Given that a data warehousing environment includes data from disparate sources, many users deploy some varation of extract, transform, load (ETL) -- often automated and scheduled -- to process heterogeneous data and unify it for analysis. Having the right tools for the task at hand is important to ensuring a seamless flow of data from pirmary sources to end-user analysts or data scientists. Extract, transform, load is a primary component of data integration, along with data preparation, data migration and management, and data warehouse automation.

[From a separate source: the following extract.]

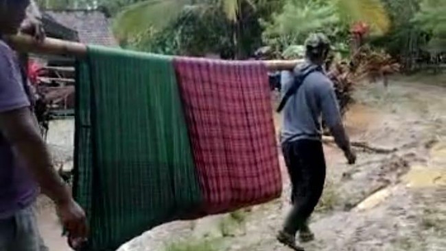 "Saya tandu kurang lebih perjalanan kurang lebih 3 kilometer, karena memang kondisi jalan belum bisa dilalui oleh mobil sehingga kami bersama keluarga menandu," katanya.
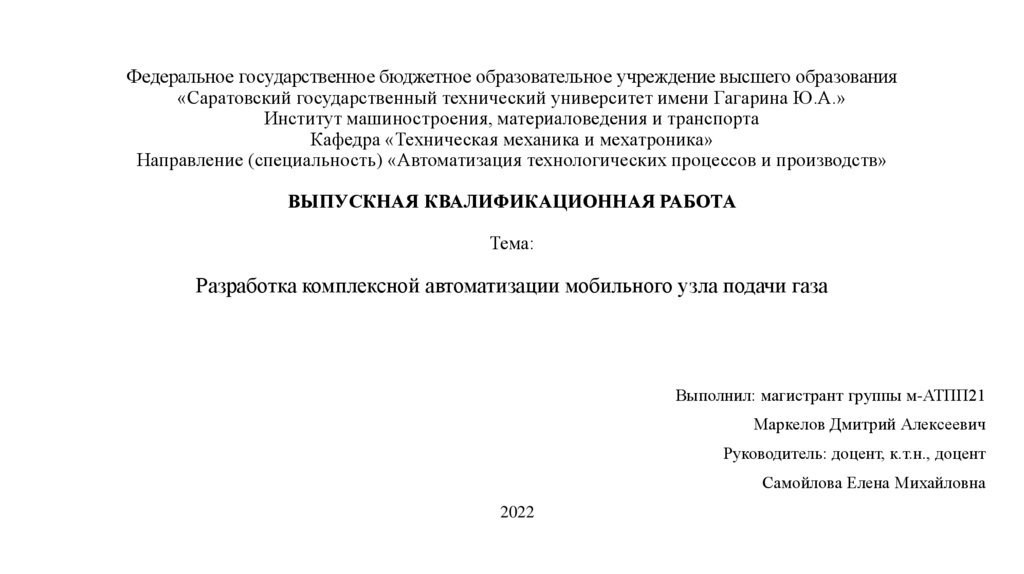 1. Федеральное государственное бюджетное образовательное учреждение высшего образования «Саратовский государственный технический

ETL tools collect, read and migrate data from multiple data sources or structures and can identify updates or changes to data streams to avoid constant whole data set refreshes.Operationally, the tools can filter, join, merge, reformat, aggregate and for some, integrate with BI applications. ELT (Extract, Load, Transform) is a more recent variant that acknowledges the transformation part of the process is not always required before loading,
What to look for in an ETL tool
- Easy to use, maintain, and highly secure
- Connects to all required data sources to fetch all relevant data
- Works seamlessy with other components of your data platform, including data warehouses and data lakes (via ELT)
Snowflake and ETL Tools
Snowflake supports both transformation during (ETL) or after loading (ELT).
Snowflake works with a wide range of data integration tools, including Informatica, Talend, Tableau, Matillion and others.
In data engineering, new tools and self-service pipelines are eliminating traditional tasks such as manual ETL coding and data cleaning companies. With easy ETL or ELT options via Snowflake, data engineers can instead spend more time working on critical data strategy and pipeline optimization projects.
In addition, with a Snowflake as your data lake and data warehouse, ETL can be effectively eliminated, as no pre-transformations or pre-schemas are needed.